Problem details -> Exactly the lines from the beginning of the listing below through the line that contains "Happy bee-lated birthday" should be transcribed, and pictures must stay out.

Data section ->
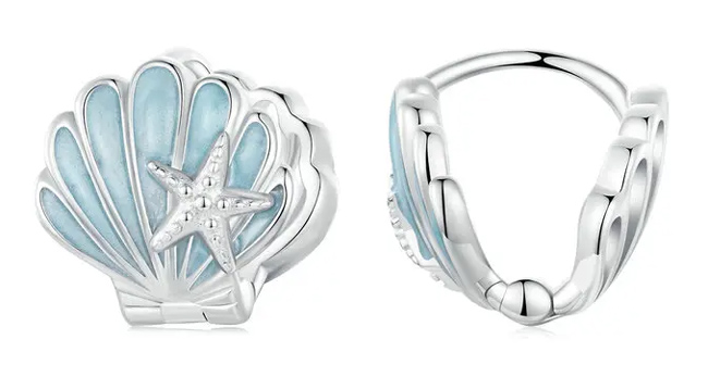 BAMOER σκουλαρίκια κρίκοι BSE1011 σε σχήμα κοχύλι, ασήμι 925, ασημί/μπλε
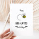 Happy bee-lated birthday - funny pun birthday card with a minimalist illustration of a cute bee
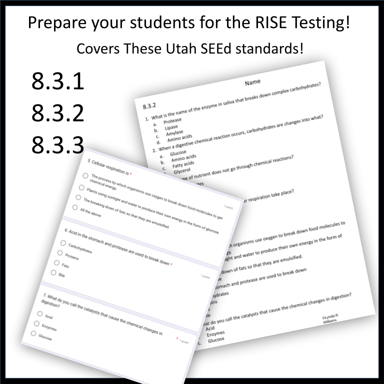 ✏️ Utah SEEd 8.3 Assessments: This resource is a set of assessments for the Utah SEEd 8.3 strand. It covers all the standards in the 8.3 strand including living things sustaining life, photosynthesis, and chemical reactions. These assessments include multiple-choice and short-answer questions. You can use these after teaching each standard for assessment or as practice and review at the end of the year. Answer Keys are included. Links to Google Forms are in a PDF.

Written response ->
 BAMOER σκουλαρίκια κρίκοι BSE1011 σε σχήμα κοχύλι, ασήμι 925, ασημί/μπλε
 Happy bee-lated birthday - funny pun birthday card with a minimalist illustration of a cute bee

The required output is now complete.